Но и тогда, и сейчас я любил посидеть-поразмышлять, любил побыть в тишине, подумать и пофилософствовать о большом и малом, а если в комнате находилось несколько человек, вовсе не рвался разглагольствовать не закрывая рта. Маме это казалось странным, сама-то она отличалась общительностью, очень любила поболтать и в первые годы, видя, как я молча брожу по дому, часто думала, будто что-то не так, будто я недоволен или чем-то обижен. Я пытался объяснить, что просто размышляю, но, когда она спрашивала, о чем, никогда не умел дать ответа, который бы ее удовлетворил. Скажи я, что размышляю о запланированной прокладке дренажных труб в доме или о том, каким маршрутом мы с тобой на следующей неделе пойдем в горы, она бы сказала «понятно» и успокоилась, но что человек может размышлять над великими вопросами бытия и при этом мыть посуду или смотреть в кухонное окно, было для нее совершенно непостижимо. Тут не имело значения, что я священник и такие вопросы составляют важную часть моего образования и моей работы, – она просто не понимала, и точка, а поскольку мне не хотелось, чтобы она думала, будто что-то не так, я нередко предпочитал невинную ложь и говорил, что обдумываю, что скажу в среду на похоронах или в воскресной проповеди, тут все было ясно и понятно.

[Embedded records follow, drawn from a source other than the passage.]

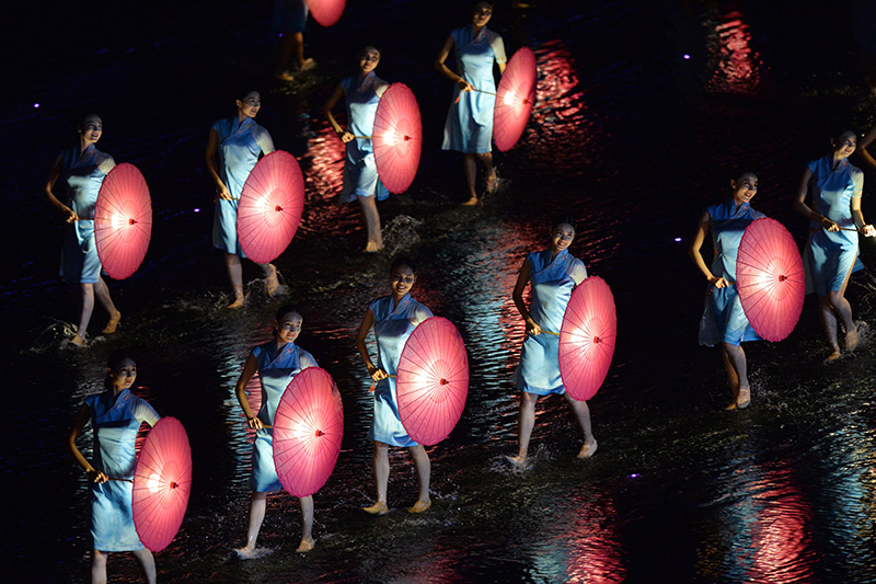 演员在西湖景区进行的G20杭州峰会文艺演出《最忆是杭州》中表演《难忘茉莉花》(2016年9月4日摄)。新华社记者 黄宗治 摄
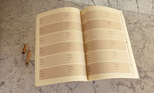 RUBRICA TELEFONICA in VERA PELLE, ROSSA con fogli di CARTA VERGATA USOMANO AVORIO 100 GRMQ. (cm 17 x 24, 192 pagine). Numeri di telefono, Mail, Indirizzi. Cartoleria artigianale Made In Italy Quotus
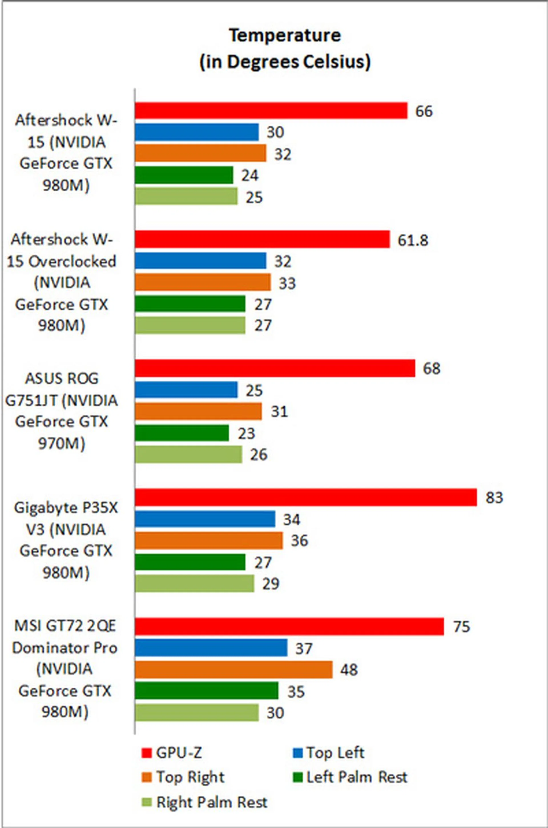 Even then, the results surprised us. The GPU-Z clearly showed the NVIDIA GeForce GTX 980M in the W-15 to be running incredibly cool, even when the W-15 is overclocked. We took the readings after letting the Tomb Raider benchmark (set to Ultra) run after 30 mins, same as the other benchmarks and GPU-Z showed that the graphics card was actually running cooler than when the machine is not overclocked. Aftershock's cooling system does work as intended and then some! The Aftershock W-15 is pretty much as warm (or cooler in some cases) as the Gigabyte and MSI machines in the comparison.
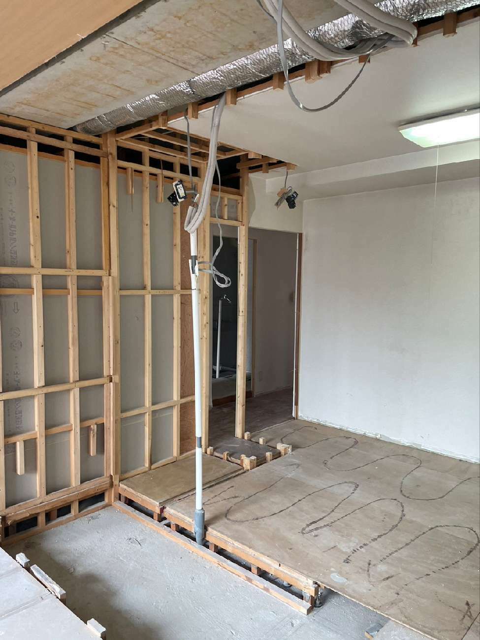 今回のリフォームでは床部分は既存の床の上に上張りをするため、解体はせずに配管工事をする箇所のみ取り除き作業をします。
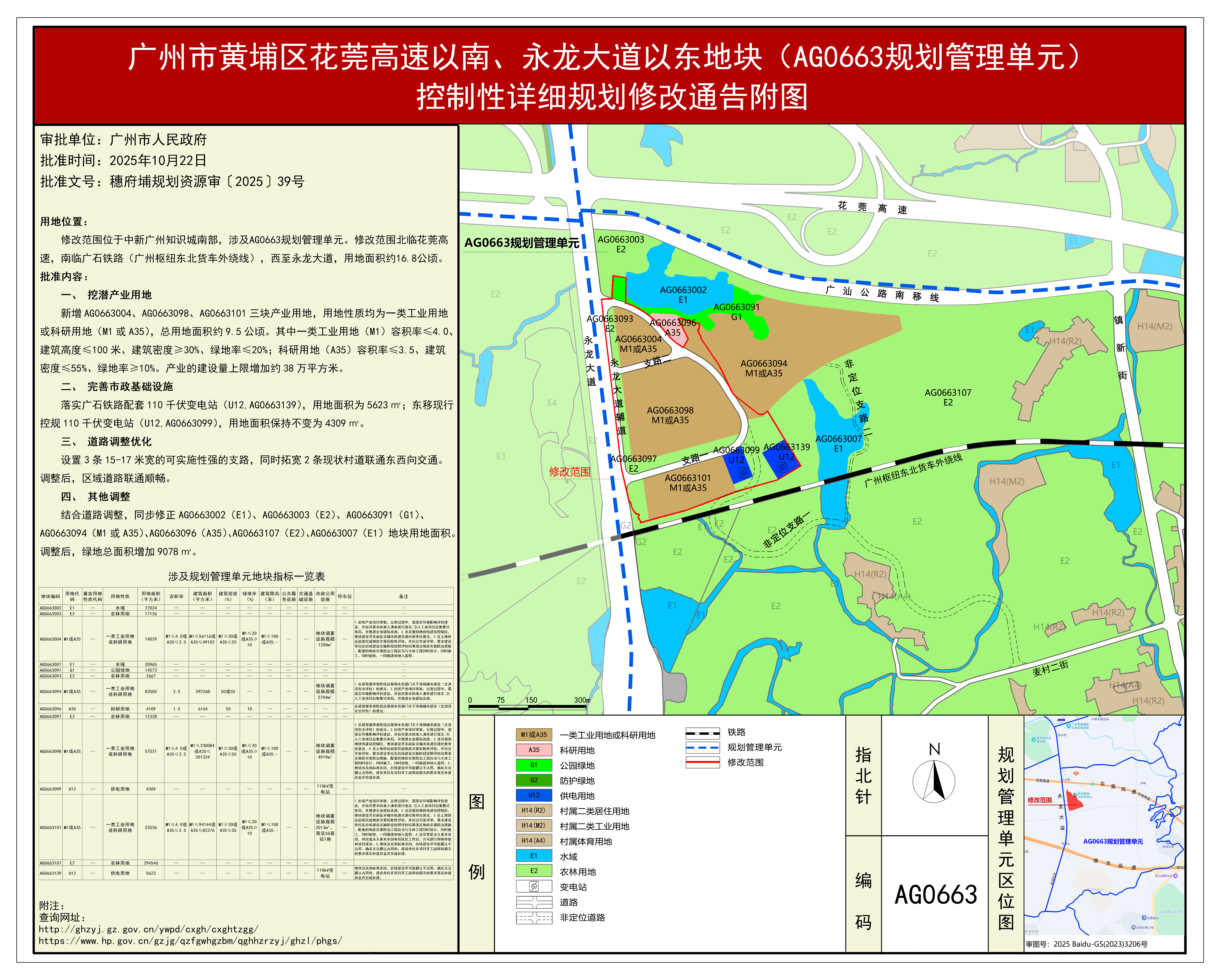 2.广州市人民政府关于同意广州市黄埔区花莞高速以南、永龙大道以东地块(AG0663规划管理单元)控制性详细规划修改的批复(穗府埔规划资源审〔2025〕39号)

В этом мы с тобой, Давид, были очень схожи, нас обоих роднила склонность к раздумьям. Маленьким мальчонкой ты иной раз уходил в себя, сидел тихо-тихо и смотрел в пространство, размышляя о большом и малом. Ты много читал, был, как и я, любознателен и не отступал, пока не выяснял ту или иную вещь. Если мама, к примеру решая газетный кроссворд, натыкалась на незнакомое слово и ни ты, ни я не могли ответить, что это слово означает, или если мы в чем-то друг с другом не соглашались, мы с тобой немедля принимались искать ответ в подручных справочниках и энциклопедиях. И охота вам копаться! – обычно говорила мама, когда мы уже некоторое время листали книги. Ну надо же! Сядьте вы наконец! Но мы не успокаивались, пока не находили ответ, а если не находили, запоминали вопрос на потом, и тот из нас, кто в конце концов выяснял, что к чему, с нетерпением ждал случая поделиться с другим, особенно когда мы были не согласны друг с другом и выяснивший оказался прав. Особенно когда ты стал постарше, мы начали поддразнивать один другого и прикидываться, что жутко рады поставить соперника на место, такая у нас была вроде как игра. Ага, ты, стало быть, думал, что у Плутона всего одна луна, говорил я. Н-да, каждый может ошибаться, даже ты. Мне до тебя нет дела, отзывался ты, недавно открывший для себя Гамсуна. О чем это вы болтаете, а? – спрашивала мама, она ведь давным-давно забыла, о чем шла речь, сидела и хмурилась, глядя на нас. А мы не отвечали. Ты скрещивал руки на груди и смотрел в потолок, как бы лишний раз подчеркивая, что я для тебя пустое место, я же смеялся над этим маленьким спектаклем и считал тебя очаровательным и остроумным. Ну, скажите, наконец, в чем дело, чуть громче говорила мама, начиная раздражаться. Над чем вы так смеетесь? Она сердито смотрела на меня, а я смеялся пуще прежнего, и в конце концов ей только и оставалось тоже рассмеяться. Я чувствую, как радость захлестывает меня при воспоминании о таких вот сценах, жар угольев, Давид, куда сильнее, чем жар буйного пламени, вот так и со счастьем, которое находишь в буднях.